To do = Retype the data that follows exactly. No pictures belong in the copy.

Dataset extract =
▬▬▬

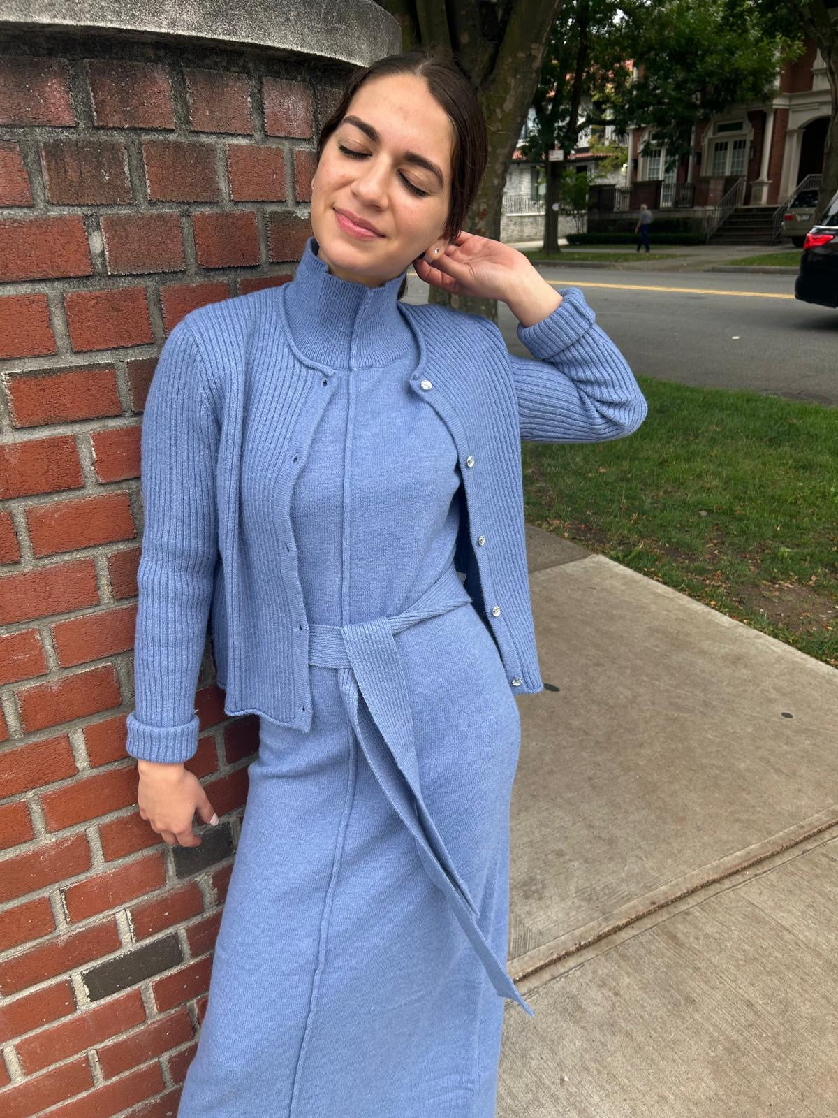 This charming dusty blue CONAN SET features a cozy jumper paired with a matching ribbed cardigan adorned with sparkling diamond button details. Perfect for adding a playful touch to any outfit, this set combines comfort and style effortlessly.
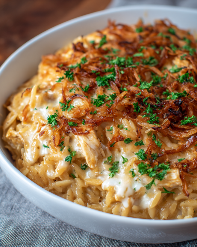 French Onion Chicken Orzo Casserole is a must-try!
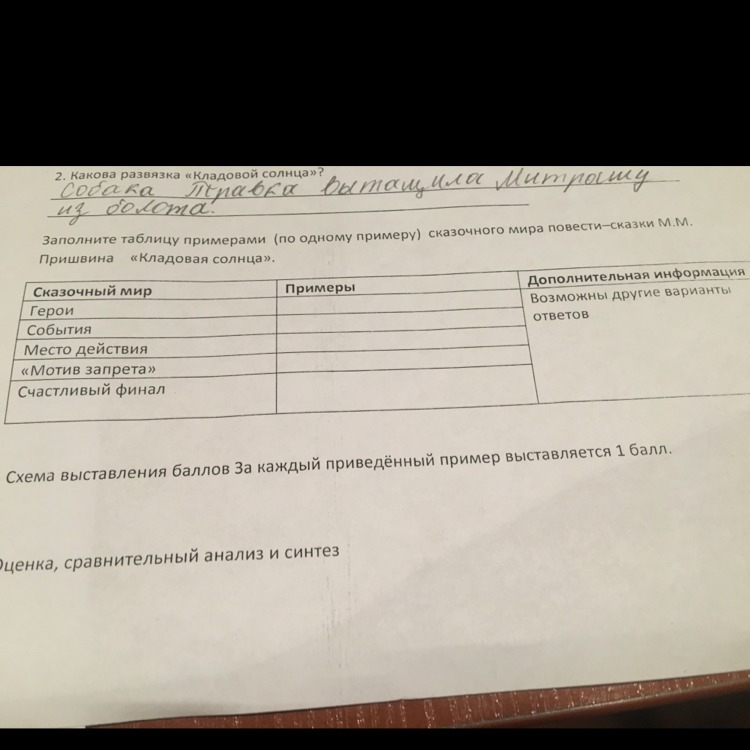 Заполните таблицу примерами (по одному примеру) сказочного мира повести сказки М.М Пришвина «кладовая солнца»
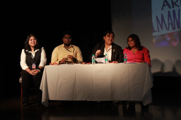 The second paper presentation began at around 12:30 P.M. on the theme “Impact of Culture on GenZ,” which had 4 participating teams. The event proceeded after the felicitation of the judge, Mrs Champa Srinivasan, by the students. The sub-topics which the participants chose to present their papers on were “Beyond the Sarees: From Ghunghat to Graduation”; “GenZ Unbound By Old Standards’’; “Understanding Generation Z: Cultural and Behavioural Trends”; and “Love’s Labour Lost: Gen Z’s Crusade to Normalise LGBTQIA+ in Indian Culture”. The thoughts presented in all three sub-topics were as per the theme and hence caught the attention of the audience towards the changing norms that are evolving with time. The Technical Session 2 that followed had a different theme of “Climate Change and Youth”. The session presented esteemed panel members such as Ms Shital Bavishi, Ms Etee Bajaj and Ms Arundhati Sen who the students felicitated. Ms Shital Bavishi is a lawyer by education and Life Insurance and Mutual Fund professional whose love for the environment made her shift to being a full-time environmentalist. By founding BEEJUM, she promotes practices like waste management, food cultivation and slow fashion. Being President of the West Bengal Organic Farming Council in the WICCI and co-founder of PARIVARTAN, she collaborates on green initiatives and promotes sustainable living through an exhibition event. Her commitment to advocacy shines through her actions and words earning her accolades like the Green Influencer of the Year 2021, Devi Award 2021, Rising Star Award 2022, Brand Queen Award 2023, MASA Woman Excellence Award 2024 and Women of Influence Award 2024. Panel member Ms Etee Bajaj has a background in CFA that allows her to blend her financial acumen with her commitment to sustainability. As the chair of the Climate Change vertical of YI-CII Kolkata, she spearheads various initiatives aimed at combating climate change and fostering environmental stewardship among youth such as leading tree plantation projects, mangrove plantation in the Sunderbans, rejuvenating ponds in rural and urban areas. She is a staunch advocate against plastic usage, a promoter of veganism and a proponent of waste management, segregation and climate change who inspires others to take meaningful steps towards a more sustainable future. The third speaker, Ms Arundhati Sen is currently a Chief Strategy and Partnership Officer at Garbage Free India and has over 20 years of leadership experience through her notable positions at Indian Express, ABP and CK Birla Hospitals. She specialises in driving business growth, brand strategy, integrated marketing and sustainable communication across diverse industries, including healthcare, hospitality, media and FMCG. Her achievements also include successful hospital launches and impactful marketing campaigns. The student moderator for Technical Session 2 was Aniket Dasgupta, a 2nd Year B.Com student and the representative of the Reporting vertical of the Expressions Collective. The major discussions of this session were the ways to reduce carbon footprints and how mass media is responsible for waste generation. One of the questions raised by the moderator was who is Generation Z responsible for safeguarding the environment to which the panellists advised the youth to shift to veganism because animal farming is a major cause of pollution, consume less content on the internet, save water by promoting bucket bath and maintain a zero waste lifestyle. They suggested that change begins from home, thus changing ourselves is the first step to changing the world which was an eye-opener for the listeners.

▬▬▬

Exercise result =
 This charming dusty blue CONAN SET features a cozy jumper paired with a matching ribbed cardigan adorned with sparkling diamond button details. Perfect for adding a playful touch to any outfit, this set combines comfort and style effortlessly.
 French Onion Chicken Orzo Casserole is a must-try!
 Заполните таблицу примерами (по одному примеру) сказочного мира повести сказки М.М Пришвина «кладовая солнца»
 The second paper presentation began at around 12:30 P.M. on the theme “Impact of Culture on GenZ,” which had 4 participating teams. The event proceeded after the felicitation of the judge, Mrs Champa Srinivasan, by the students. The sub-topics which the participants chose to present their papers on were “Beyond the Sarees: From Ghunghat to Graduation”; “GenZ Unbound By Old Standards’’; “Understanding Generation Z: Cultural and Behavioural Trends”; and “Love’s Labour Lost: Gen Z’s Crusade to Normalise LGBTQIA+ in Indian Culture”. The thoughts presented in all three sub-topics were as per the theme and hence caught the attention of the audience towards the changing norms that are evolving with time. The Technical Session 2 that followed had a different theme of “Climate Change and Youth”. The session presented esteemed panel members such as Ms Shital Bavishi, Ms Etee Bajaj and Ms Arundhati Sen who the students felicitated. Ms Shital Bavishi is a lawyer by education and Life Insurance and Mutual Fund professional whose love for the environment made her shift to being a full-time environmentalist. By founding BEEJUM, she promotes practices like waste management, food cultivation and slow fashion. Being President of the West Bengal Organic Farming Council in the WICCI and co-founder of PARIVARTAN, she collaborates on green initiatives and promotes sustainable living through an exhibition event. Her commitment to advocacy shines through her actions and words earning her accolades like the Green Influencer of the Year 2021, Devi Award 2021, Rising Star Award 2022, Brand Queen Award 2023, MASA Woman Excellence Award 2024 and Women of Influence Award 2024. Panel member Ms Etee Bajaj has a background in CFA that allows her to blend her financial acumen with her commitment to sustainability. As the chair of the Climate Change vertical of YI-CII Kolkata, she spearheads various initiatives aimed at combating climate change and fostering environmental stewardship among youth such as leading tree plantation projects, mangrove plantation in the Sunderbans, rejuvenating ponds in rural and urban areas. She is a staunch advocate against plastic usage, a promoter of veganism and a proponent of waste management, segregation and climate change who inspires others to take meaningful steps towards a more sustainable future. The third speaker, Ms Arundhati Sen is currently a Chief Strategy and Partnership Officer at Garbage Free India and has over 20 years of leadership experience through her notable positions at Indian Express, ABP and CK Birla Hospitals. She specialises in driving business growth, brand strategy, integrated marketing and sustainable communication across diverse industries, including healthcare, hospitality, media and FMCG. Her achievements also include successful hospital launches and impactful marketing campaigns. The student moderator for Technical Session 2 was Aniket Dasgupta, a 2nd Year B.Com student and the representative of the Reporting vertical of the Expressions Collective. The major discussions of this session were the ways to reduce carbon footprints and how mass media is responsible for waste generation. One of the questions raised by the moderator was who is Generation Z responsible for safeguarding the environment to which the panellists advised the youth to shift to veganism because animal farming is a major cause of pollution, consume less content on the internet, save water by promoting bucket bath and maintain a zero waste lifestyle. They suggested that change begins from home, thus changing ourselves is the first step to changing the world which was an eye-opener for the listeners.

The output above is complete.